Serie A1
- Season: 2013–14
- Champions: Pro Recco 28th title
- Relegated: Promogest Quartu Albaro Nervi
- Champions League: Pro Recco AN Brescia Posillipo
- Euro Cup: Savona Acquachiara
- Top goalscorer: Antonio Petković (79 goals)

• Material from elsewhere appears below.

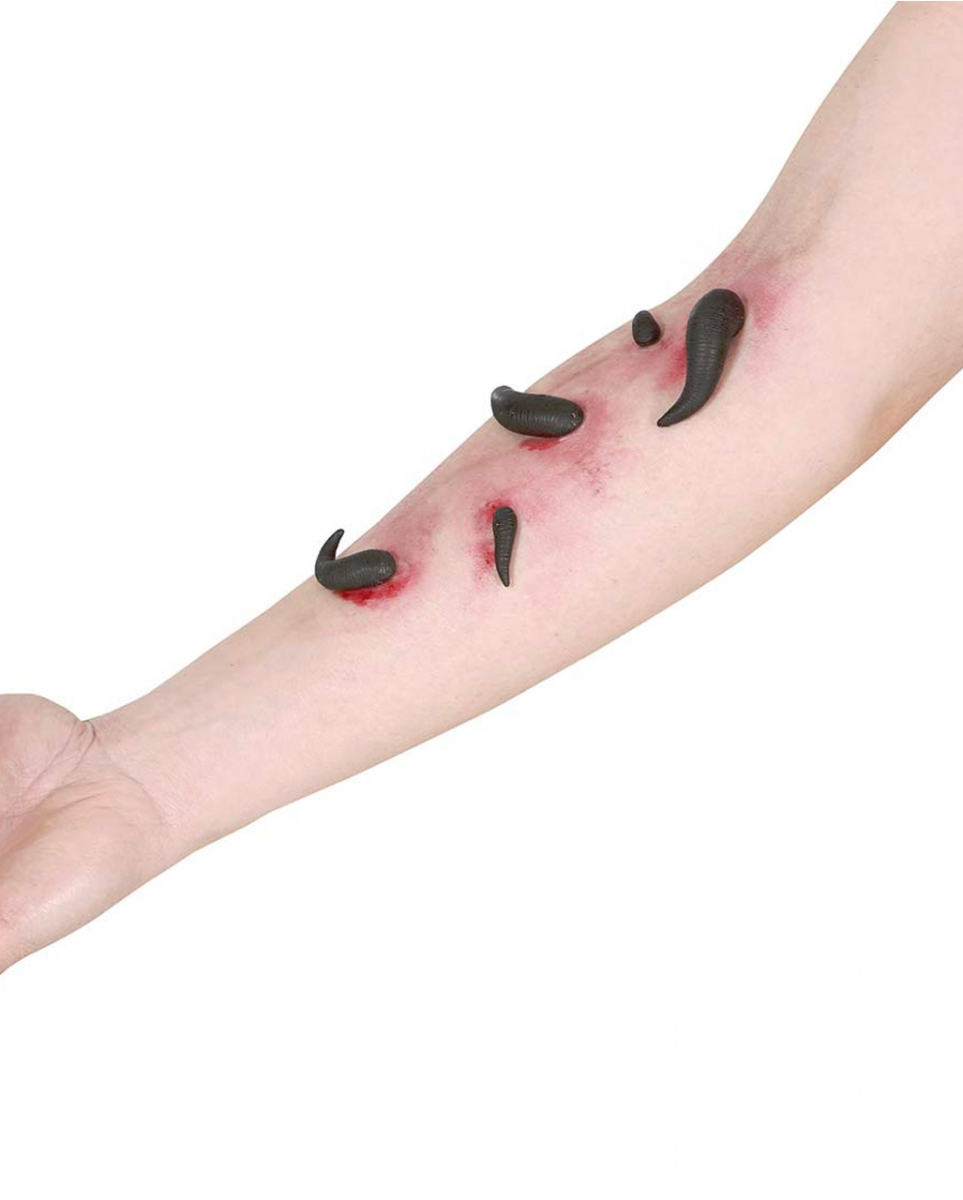 Ultra gemeine Blutegel 5 St. als ekeliges Halloween Make Up Wirklichkeitsgetreue Blutegel aus Latex als Scherzartikel und Spezial Make-up Effekt Bestelle dir jetzt die fünf unterschiedlich aussehenden Blutegel und präsentiere diese deinem Gegenüber, wenn du aus dem Wasser oder regennassen Wald kommst. Der Unterschied zu einer schon lange im Wasser liegenden Leiche, ist dann nicht mehr so fern. Die fünf Blutegel lassen sich prima mit Hautkleber (Mastix) auf der Haut befestigen und immer wieder benutzen. Das Ganze vielleicht zusätzlich noch mit ein wenig Filmblut perfektionieren und ein schockierender Anblick ist garantiert! Lieferumfang: 1 x Ultra Gemeine Blutegel 5 St. als ekeliges Halloween Make Up Inhalt: 5 Stück Farbe: Braun Größe: ca. 4 cm Material: 100% Latex Schockierender Scherzartikel und Make-up Effekt Die Blutegel lassen sich mit Mastix (Hautkleber) anbringen Vielseitig als realistische Unfalldarstellung und Spezial FX Make-up einsetzbar Können öfter wiederverwendet werden Filmblut nicht inkl. Nicht für Kinder unter 3 Jahren geeignet. Kann Kleinteile enthalten, die verschluckt werden können – Erstickungsgefahr.

= 2013–14 Serie A1 (men's water polo) =

Italy's premier water polo league

The 2013–14 Serie A1 is the 95th season of the Serie A1, Italy's premier Water polo league.

==Team information==

The following 12 clubs compete in the Serie A1 during the 2013–14 season:

Serie A1
| Team | City | Pool | Founded | Colours |
| Acquachiara | Naples | Piscina Felipe Scandone | 1998 |  |
| AN Brescia | Brescia | Centro Natatorio Mompiano | 1973 |  |
| Bogliasco | Bogliasco | Stadio Gianni Vassallo | 1951 |  |
| Canottieri | Naples | Piscina Felipe Scandone | 1916 |  |
| Como | Como | Piscina Olimpionica | 1919 |  |
| Florentia | Florence | Piscina Goffredo Nannini | 1904 |  |
| Lazio | Rome | Salaria Sport Village | 1904 |  |
| Albaro Nervi | Albaro | Stadio di Albaro | 2013 |  |
| Posillipo | Naples | Piscina Felipe Scandone | 1925 |  |
| Promogest | Quartu Sant'Elena | Piscina Centro Nuoto | 1991 |  |
| Pro Recco | Recco | Piscina comunale di Sori | 1913 |  |
| Savona | Savona | Piscina Carlo Zanelli | 1948 |  |

== Regular season ==

===Standings===

|  | Team | Pld | W | D | L | GF | GA | Diff | Pts |
|---|---|---|---|---|---|---|---|---|---|
| 1 | Pro Recco | 22 | 21 | 0 | 1 | 327 | 139 | +188 | 63 |
| 2 | AN Brescia | 22 | 20 | 1 | 1 | 339 | 149 | +190 | 61 |
| 3 | CN Posillipo | 22 | 14 | 2 | 6 | 212 | 186 | +26 | 44 |
| 4 | AS Acquachiara | 22 | 14 | 0 | 8 | 227 | 213 | +14 | 42 |
| 5 | Rari Nantes Savona | 22 | 13 | 1 | 8 | 252 | 216 | +36 | 40 |
| 6 | Circolo Canottieri Napoli | 22 | 10 | 2 | 10 | 217 | 250 | −33 | 32 |
| 7 | Como Nuoto | 22 | 8 | 1 | 13 | 198 | 244 | −46 | 25 |
| 8 | Rari Nantes Florentia | 22 | 8 | 1 | 13 | 176 | 226 | −50 | 25 |
| 9 | S.S. Lazio Nuoto | 22 | 8 | 0 | 14 | 215 | 268 | −53 | 24 |
| 10 | Rari Nantes Bogliasco | 22 | 7 | 1 | 14 | 198 | 245 | −47 | 22 |
| 11 | Promogest Quartu | 22 | 5 | 1 | 16 | 177 | 232 | −55 | 16 |
| 12 | Albaro Nervi | 22 | 0 | 0 | 22 | 118 | 275 | −157 | 0 |

|  | Championship Playoff |
|  | Relegation |

Pld - Played; W - Won; L - Lost; PF - Points for; PA - Points against; Diff - Difference; Pts - Points.